DBCC TRACEON (3604) DBCC PAGE(10, 1, 256, 3) /* Slot 0 Offset 0x60 Length 35 Record Type = PRIMARY_RECORD Record Attributes = NULL_BITMAP VARIABLE_COLUMNS Record Size = 35 Memory Dump @0x000000D25C9FA060 0000000000000000: 30000800 01000000 02000001 00230061 00610061 0............#.a.a.a 0000000000000014: 00610061 00610061 00610061 006100 .a.a.a.a.a.a.a. Slot 0 Column 1 Offset 0x4 Length 4 Length (physical) 4 ID = 1 Slot 0 Column 2 Offset 0xf Length 20 Length (physical) 20 var_col = aaaaaaaaaa Slot 0 Offset 0x0 Length 0 Length (physical) 0 KeyHashValue = (8194443284a0) */
If you want to avoid some of these problems my recommendation would be to create a new table, dump the data, rename both old and new one and then remove the old one, which is basically what you get with the 2016 online hint, but better since you won’t be locking the table for longer than the milliseconds to change both names.
We have seen there are some problems when data exists in our table and we want to change a column’s data type (the more rows the bigger problem we might have). These are:
- Concurrency, ALTER TABLE will hold a Schema Modification lock until completes, so if we have a lot of data we will lock the whole table until the operation is completed, not allowing any access.

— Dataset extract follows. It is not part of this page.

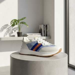 Gucci Men’s Sporty Casual Sneakers Blue Orange Stripes Shoes

- Transaction Log Generation, there is a fantastic article by Paul Randal where is explained how expensive page splits are and this operation since we are increasing the length of every and each row in the table (if has data for that column) will result in page splits.
- Network, If you have AG or another HA/DR solution, all that generated transaction log will need to be moved across the network.
- Storage, this point might be the least critical as our databases usually are in constant growth, but good if you take it in mind.
- Fragmentation, on top of the above, once we have finished, our clustered index will be heavily fragmented, so an INDEX REBUILD would be necessary, adding more CPU, concurrency and storage requirements to clean up all that mess.
As always thanks for reading and feel free to ask any question you may have.